- **TRY IT**
Should a picture appear anywhere in the data, omit it and copy everything else exactly.

***

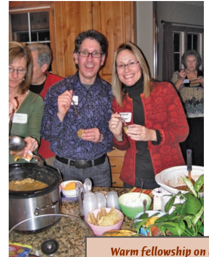
Warm fellowship on a cold evening at the What A Life! Chili Cookoff

Elderlife What A Life! - Youth Group for Grownups Federated Women's Network Women's Retreats Women at the Well Men's Fourth Tuesday Gathering of Men Men's Retreats and Breakfasts Sit & Stitch Needlework Group Spirit Walk & Roll Support Groups
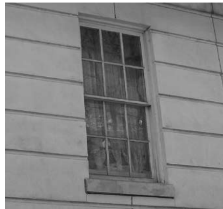
FIGURE 2 As part of every window assessment survey, the presence of rare, costly or difficult to replicate materials, such as the wavy crown glass reproduced for these mid-19th-century windows, must be identified as features requiring a window retrofit approach rather than replacement.

Any changes that will permanently alter or remove historic features or materials require a compelling justification supported by a systematic and building-specific analysis that takes into consideration preservation goals as well as window performance goals. The following sections review the principal retrofit and replacement options appropriate for GSA historic buildings.
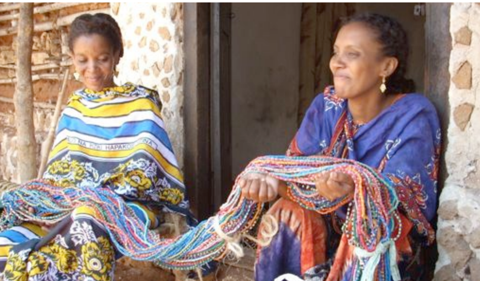
Photo: Flip-flop handicraft in Kiwayu cha ndani.
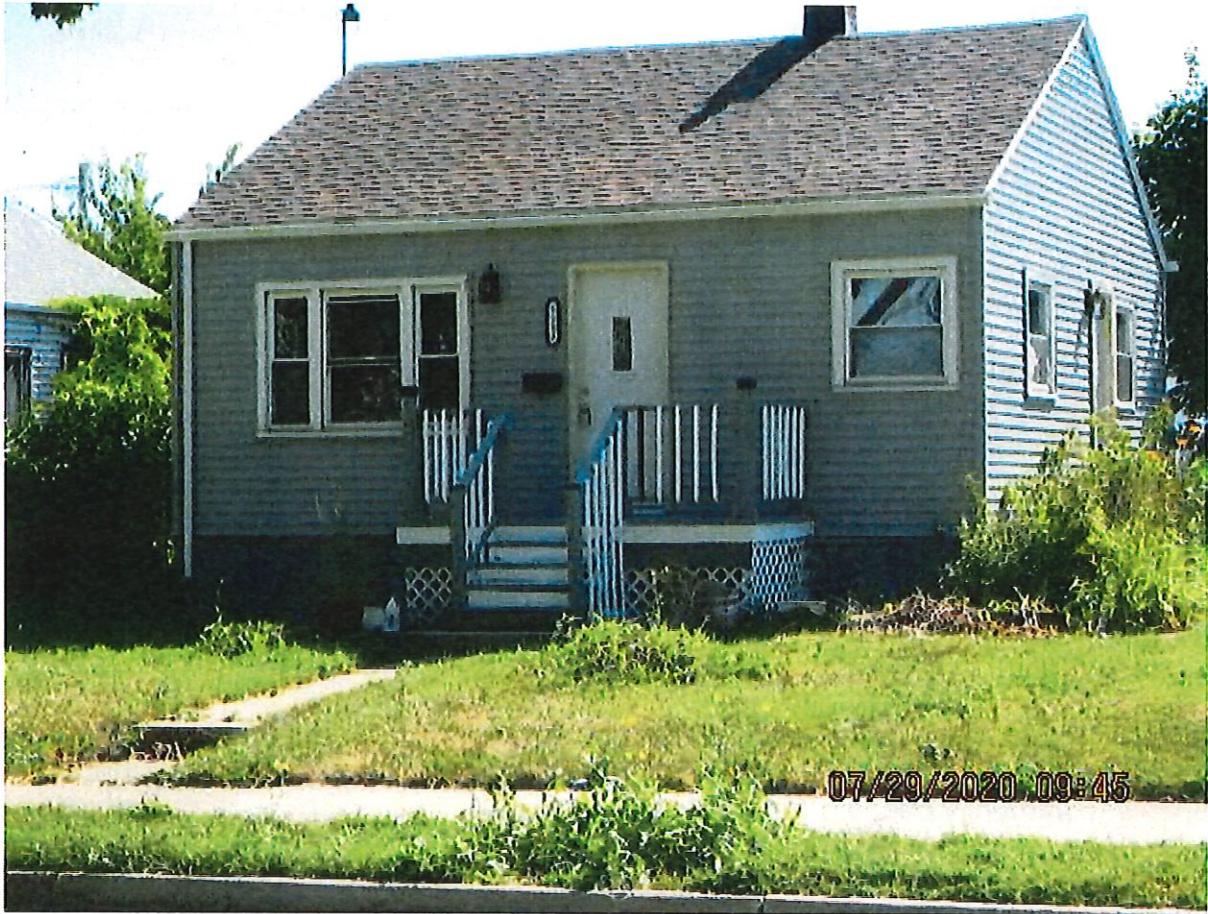
3330 South 20 th Street
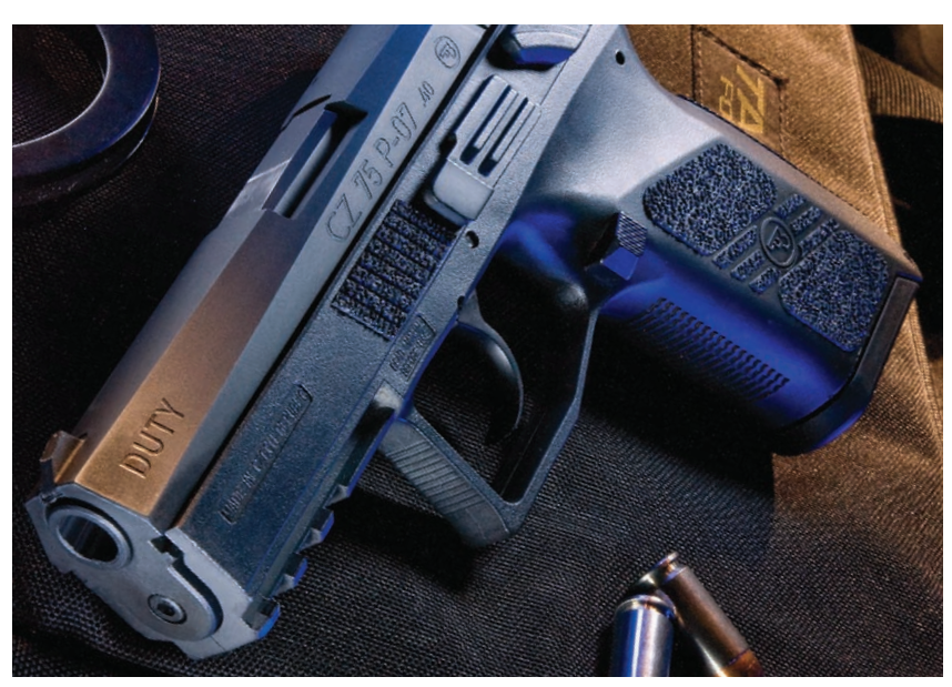
The new pistol's grip angle feels and points great. The molded-in texturing really locks the pistol in place during rapid-fire strings.

new pistol's trigger, I went to the 25-yard line to do my accuracy and chronograph work. I fired from a sandbag rest at three-inch Shoot-N-C targets. Once again, the gun hit low, but the windage was perfect and the groups were pretty good for a polymer-frame production gun, with all but one load averaging under three inches for five five-shot groups.
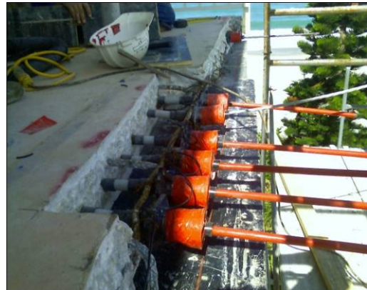
Photograph 6: New cable ends and anchors being installed (Example)

PT buildings are difficult to quantify because the anchors and cables are unable to be seen. The estimate is based on approximate anchor locations per the provided building plans plus knowledge acquired working on other PT buildings. However, without being able to see the condition of the cable or anchor, the PT lock-off quantities estimated are a best educated guess value. The only way to determine exact repair quantities is to start the repair process. A high contingency is recommended on any restoration project involving PT construction. This is an asset preservation item.
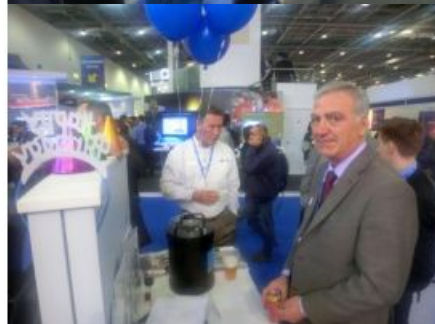
Thursday 15 March 2012 Open publication
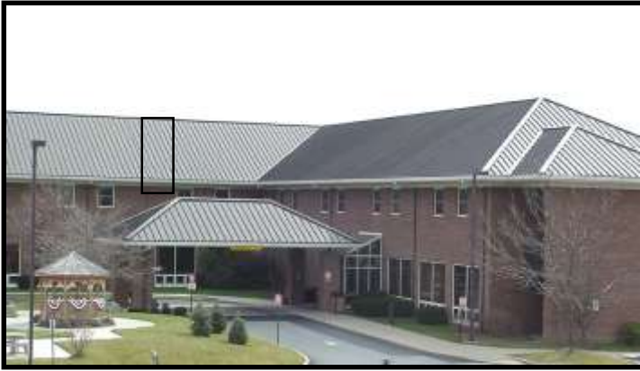
Thomson-Hood Veterans Center, Wilmore, KY 285 Beds
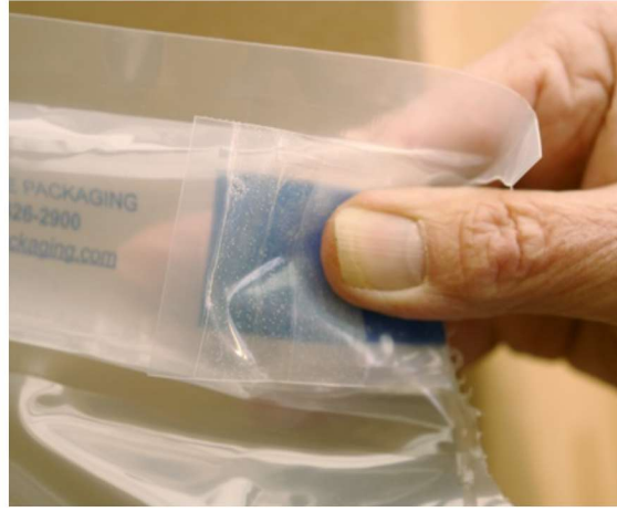
5. Doble la valvula aprentando firmemente con los dedos.
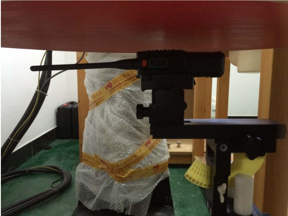
Face-held, the front of the EUT towards phantom (The distance was 25mm)
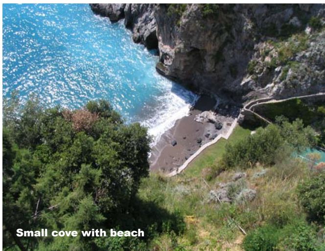
Small cove with beach

Amalfi, 61 km (38 miles) east of Sorrento and with a population of only 5,500, is the largest town on this coast. Dramatically situated at the mouth of a ravine under towering 1,315-meter (4,312-foot) Mt. Cerreto, the burg is sandwiched between tall
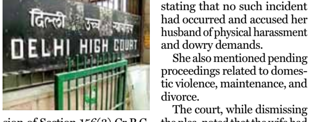
The entrance of the Delhi High Court.

NEW DELHI: The Delhi High Court has imposed a penalty of Rs 25,000 on a husband who sought the registration of a purportedly false rape case against his wife's cousin, cautioning against frivolous complaints that could potentially harm innocent individuals.
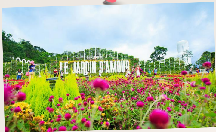
Le Jardine D'amour
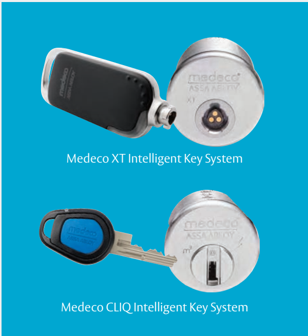
Medeco XT Intelligent Key System

A key can be given a short authorization time-window, say 9:00 a.m.–5:00 p.m., thus minimizing risks associated with lost keys or changes in personnel. Security managers can also generate time-stamped audit trails for any lock or key, trace access workflows, or use a visual audit dashboard to see at-a-glance information on the full system.
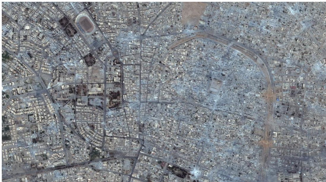
Raqqa Old City overview. Imagery taken on 19 July 2017.

IS fighters, for their part, use crude unguided projectiles, including locally manufactured mortars, and a host of improvised explosive devices (IEDs), including car bombs, all of which pose an inherent lethal danger to civilians. Moreover, the danger for civilian residents of getting caught in crossfire between the warring sides is all the more acute as IS fighters have been redoubling efforts to prevent civilians from leaving the city, using them as human shields while they launch attacks against SDF and coalition forces from amongst the
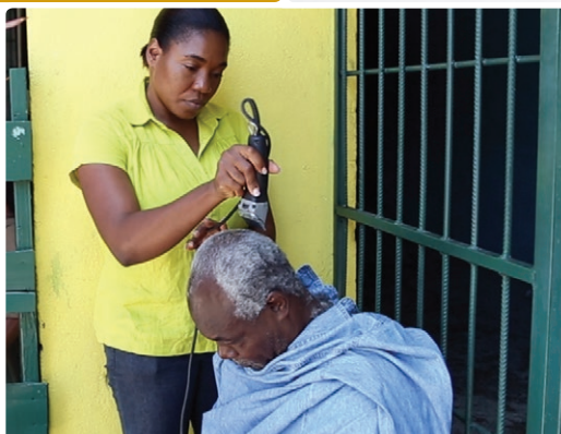
The ministry of the Good Samaritan Inn helps to protect or reinstate people's self-respect through offering haircuts, showers, and laundry facilities and by sharing the good news that they are children of God.
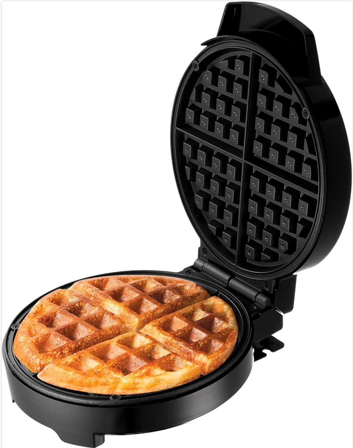
Image: The Lumme Electric Waffle Maker shown open with a cooked waffle, alongside a plate of waffles with fruit and syrup.

The Lumme Electric Waffle Maker is designed for convenient and efficient preparation of individual waffles, paninis, and hash browns. Its non-stick cooking plates ensure easy food release and simple cleaning.
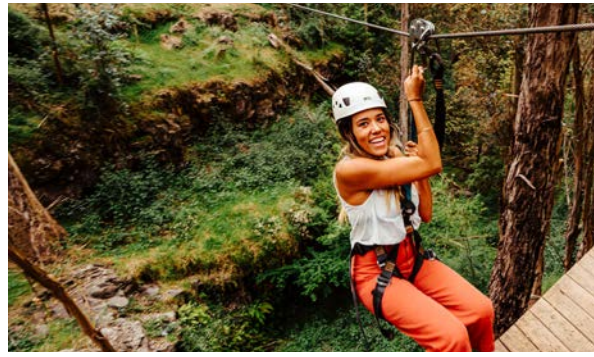
Delight in a thrilling zipline adventure
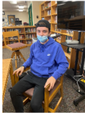
"Honey Bunches of Oats" - Nick Bondi
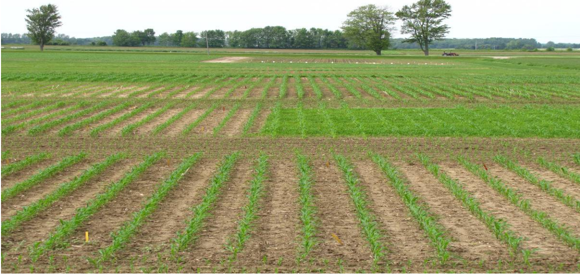
Figure 1. Photo of population and stress experiment at Elora with plots of increasing weed stress and soil compaction.
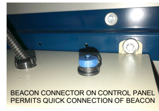
BEACON CONNECTOR ON CONTROL PANEL PERMITS QUICK CONNECTION OF BEACON

Fast Flash rate is selectable at 80/min. or 240/min.
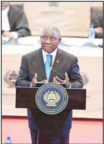
South African President Cyril Ramaphosa gives his State of the Nation address in Cape Town, South Africa, on Feb 12.

long struggled to prevent gangs of miners from entering some of the 6,000 closed or abandoned mines in the gold-rich nation to search for remaining reserves. The government claims that the miners, referred to as
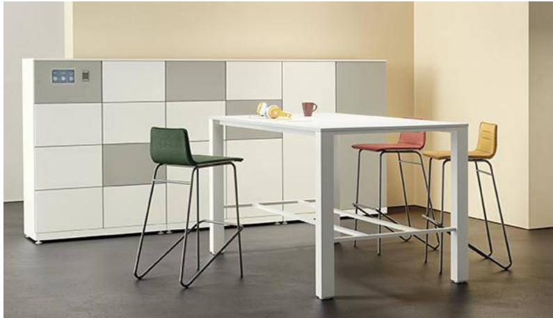
Epoxy Legs and Beams 1800w x 800d x 1050h mm Price: 487£
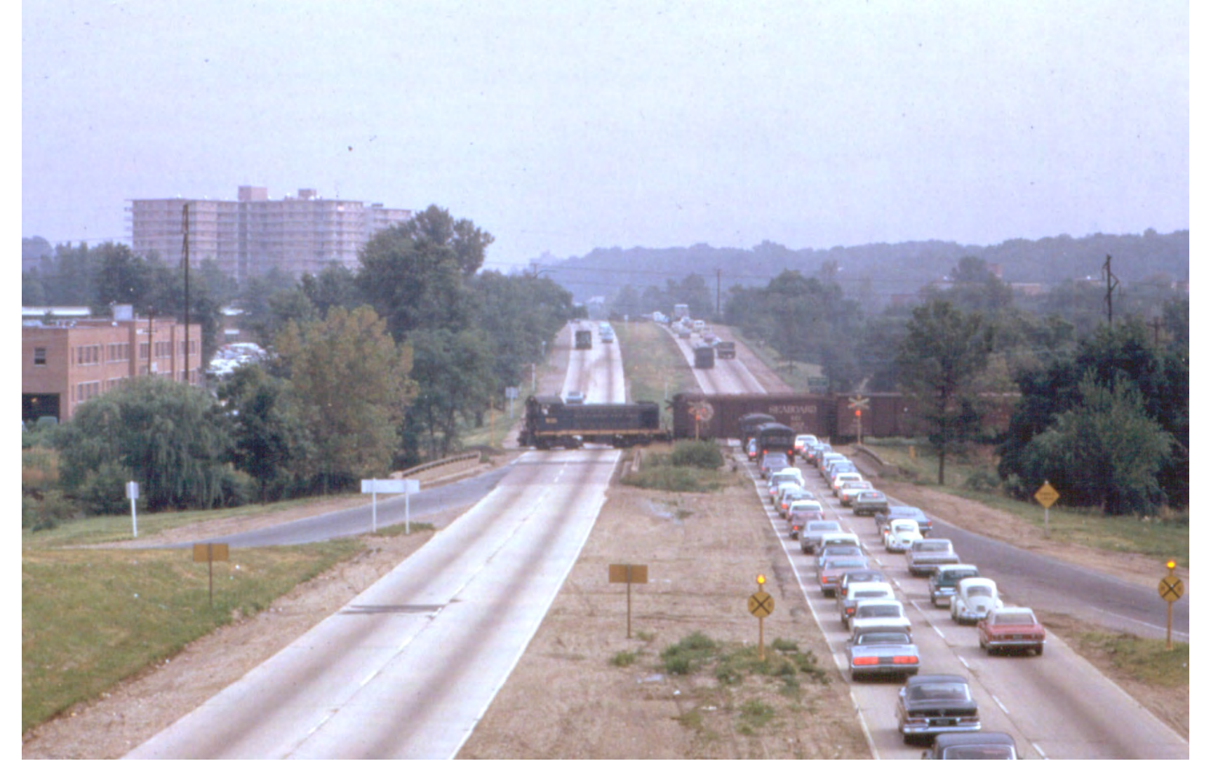
W&OD Railroad Abandoned August 1968

***

- **ANSWER TO THE EXERCISE**
Warm fellowship on a cold evening at the What A Life! Chili Cookoff

Elderlife What A Life! - Youth Group for Grownups Federated Women's Network Women's Retreats Women at the Well Men's Fourth Tuesday Gathering of Men Men's Retreats and Breakfasts Sit & Stitch Needlework Group Spirit Walk & Roll Support Groups
FIGURE 2 As part of every window assessment survey, the presence of rare, costly or difficult to replicate materials, such as the wavy crown glass reproduced for these mid-19th-century windows, must be identified as features requiring a window retrofit approach rather than replacement.

Any changes that will permanently alter or remove historic features or materials require a compelling justification supported by a systematic and building-specific analysis that takes into consideration preservation goals as well as window performance goals. The following sections review the principal retrofit and replacement options appropriate for GSA historic buildings.
Photo: Flip-flop handicraft in Kiwayu cha ndani.
3330 South 20 th Street
The new pistol's grip angle feels and points great. The molded-in texturing really locks the pistol in place during rapid-fire strings.

new pistol's trigger, I went to the 25-yard line to do my accuracy and chronograph work. I fired from a sandbag rest at three-inch Shoot-N-C targets. Once again, the gun hit low, but the windage was perfect and the groups were pretty good for a polymer-frame production gun, with all but one load averaging under three inches for five five-shot groups.
Photograph 6: New cable ends and anchors being installed (Example)

PT buildings are difficult to quantify because the anchors and cables are unable to be seen. The estimate is based on approximate anchor locations per the provided building plans plus knowledge acquired working on other PT buildings. However, without being able to see the condition of the cable or anchor, the PT lock-off quantities estimated are a best educated guess value. The only way to determine exact repair quantities is to start the repair process. A high contingency is recommended on any restoration project involving PT construction. This is an asset preservation item.
Thursday 15 March 2012 Open publication
Thomson-Hood Veterans Center, Wilmore, KY 285 Beds
5. Doble la valvula aprentando firmemente con los dedos.
Face-held, the front of the EUT towards phantom (The distance was 25mm)
Small cove with beach

Amalfi, 61 km (38 miles) east of Sorrento and with a population of only 5,500, is the largest town on this coast. Dramatically situated at the mouth of a ravine under towering 1,315-meter (4,312-foot) Mt. Cerreto, the burg is sandwiched between tall
The entrance of the Delhi High Court.

NEW DELHI: The Delhi High Court has imposed a penalty of Rs 25,000 on a husband who sought the registration of a purportedly false rape case against his wife's cousin, cautioning against frivolous complaints that could potentially harm innocent individuals.
Le Jardine D'amour
Medeco XT Intelligent Key System

A key can be given a short authorization time-window, say 9:00 a.m.–5:00 p.m., thus minimizing risks associated with lost keys or changes in personnel. Security managers can also generate time-stamped audit trails for any lock or key, trace access workflows, or use a visual audit dashboard to see at-a-glance information on the full system.
Raqqa Old City overview. Imagery taken on 19 July 2017.

IS fighters, for their part, use crude unguided projectiles, including locally manufactured mortars, and a host of improvised explosive devices (IEDs), including car bombs, all of which pose an inherent lethal danger to civilians. Moreover, the danger for civilian residents of getting caught in crossfire between the warring sides is all the more acute as IS fighters have been redoubling efforts to prevent civilians from leaving the city, using them as human shields while they launch attacks against SDF and coalition forces from amongst the
The ministry of the Good Samaritan Inn helps to protect or reinstate people's self-respect through offering haircuts, showers, and laundry facilities and by sharing the good news that they are children of God.
Image: The Lumme Electric Waffle Maker shown open with a cooked waffle, alongside a plate of waffles with fruit and syrup.

The Lumme Electric Waffle Maker is designed for convenient and efficient preparation of individual waffles, paninis, and hash browns. Its non-stick cooking plates ensure easy food release and simple cleaning.
Delight in a thrilling zipline adventure
"Honey Bunches of Oats" - Nick Bondi
Figure 1. Photo of population and stress experiment at Elora with plots of increasing weed stress and soil compaction.
BEACON CONNECTOR ON CONTROL PANEL PERMITS QUICK CONNECTION OF BEACON

Fast Flash rate is selectable at 80/min. or 240/min.
South African President Cyril Ramaphosa gives his State of the Nation address in Cape Town, South Africa, on Feb 12.

long struggled to prevent gangs of miners from entering some of the 6,000 closed or abandoned mines in the gold-rich nation to search for remaining reserves. The government claims that the miners, referred to as
Epoxy Legs and Beams 1800w x 800d x 1050h mm Price: 487£
W&OD Railroad Abandoned August 1968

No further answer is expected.